Viren in diesem Jahr besonders hartnäckig

Tatsächlich sind die Erkältungsviren in diesem Jahr besonders hartnäckig, vor allem aber sind mehrere Varianten im Umlauf. "Es gibt Patienten, die sich bereits zum dritten Mal in diesem Winter einen Infekt eingefangen haben", berichtet eine Hausärztin. Charakteristisch für den zurzeit grassierenden Stamm seien neben Reizhusten, Schnupfen und hohem Fieber vor allem massive Gliederschmerzen und Schüttelfrost. Und anders als bei kleineren Infekten, die meist nach einer Woche abgeklungen seien, würden Betroffene zurzeit zwei Wochen und länger flach liegen.

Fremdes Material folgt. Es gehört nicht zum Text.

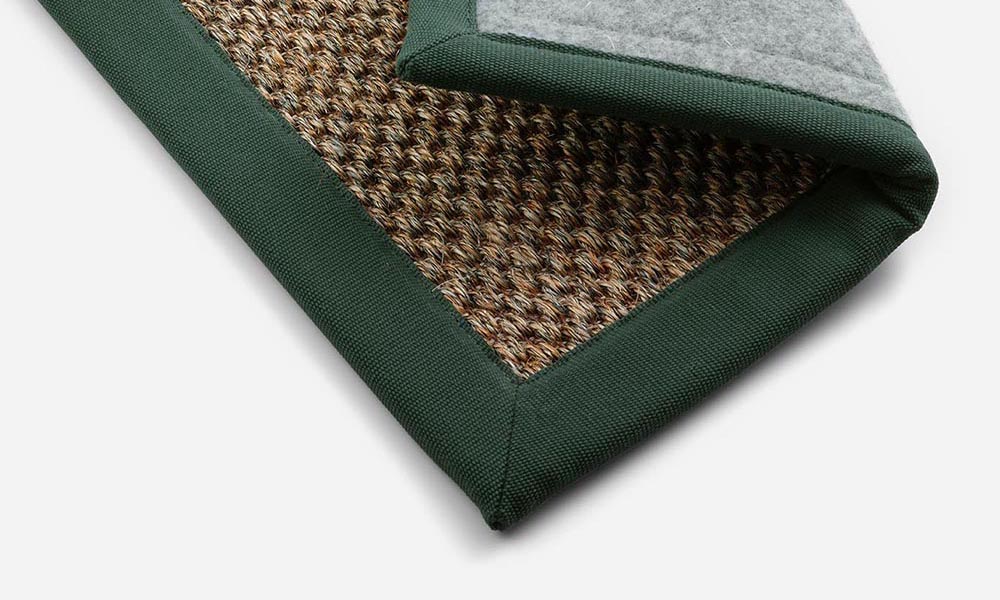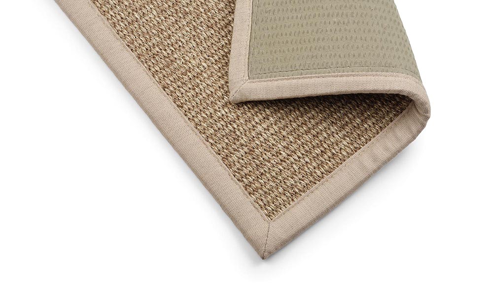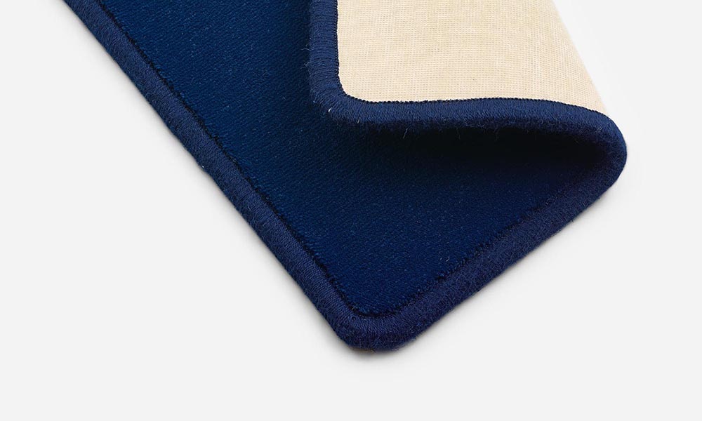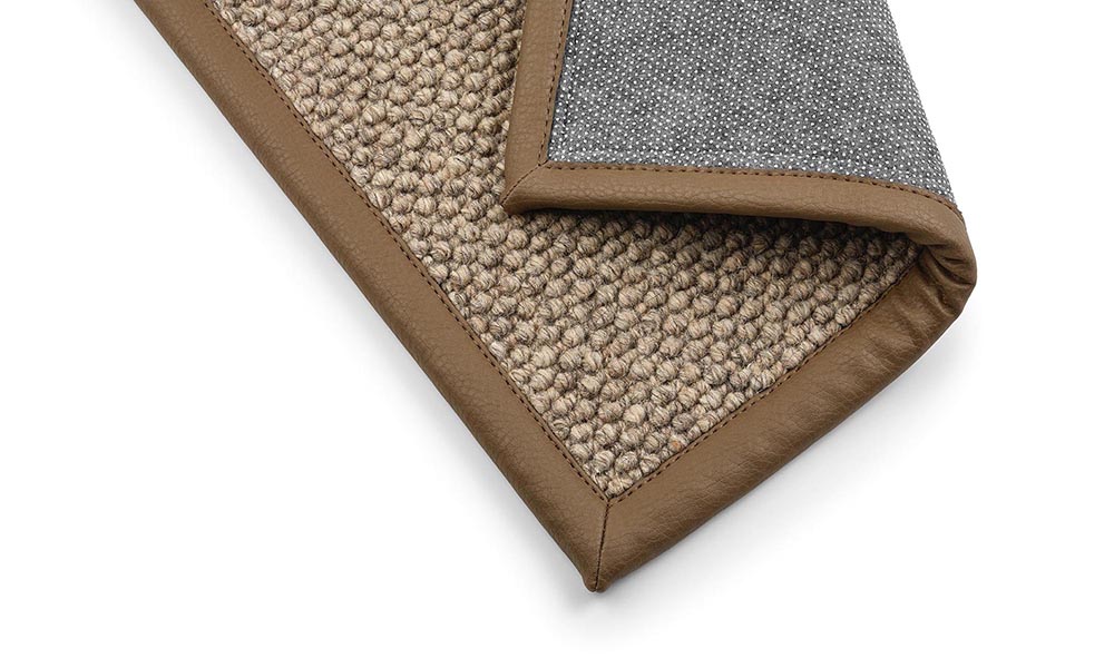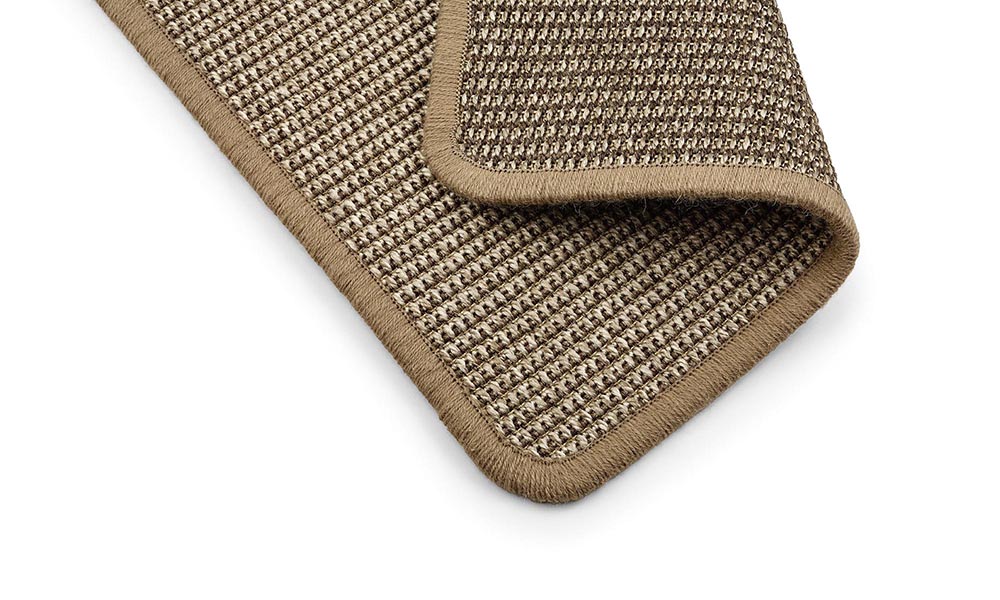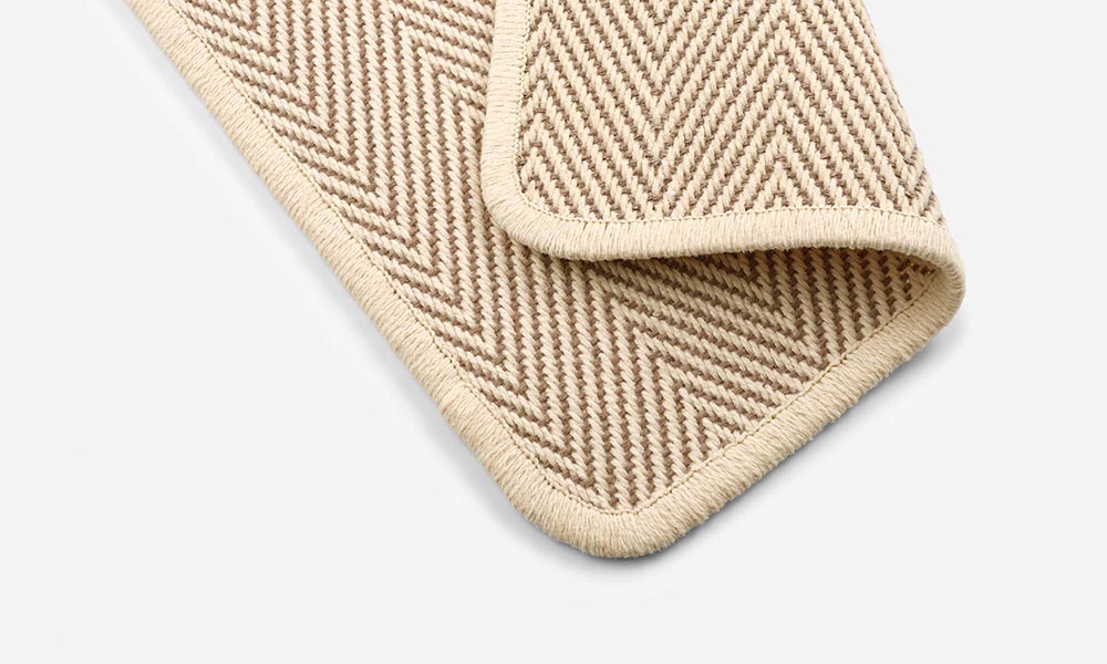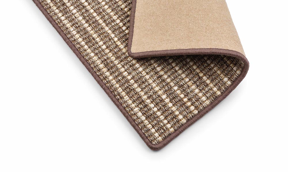 Confeccionado con una cinta de algodón de 4 cm aplicada hasta el borde de la moqueta.

Auch viele Pflegekräfte fallen aus

Die Krankenhäuser im Land stellen die hohen Krankenstände gleich doppelt vor Probleme. Die Notfall-Sprechstunden sind allerorts überlaufen, in vielen Häusern die Stationen mit echten Grippe-Kranken voll. "Erschwerend kommt hinzu, dass wir zurzeit ebenfalls hohe Krankenstände beim medizinischen und pflegenden Personal durch Erkältungskrankheiten haben", sagt Oliver Grieve vom Universitätsklinikum Schleswig-Holstein.

Wer krank ist, sollte zu Hause bleiben

Arbeitnehmer, die krank sind, sollten auch tatsächlich zu Hause bleiben und nicht aus falscher Tapferkeit ins Büro fahren. "Die Gefahr ist einfach zu groß, dass Kollegen ebenfalls angesteckt werden und ausfallen", sagt Sebastian Schulze.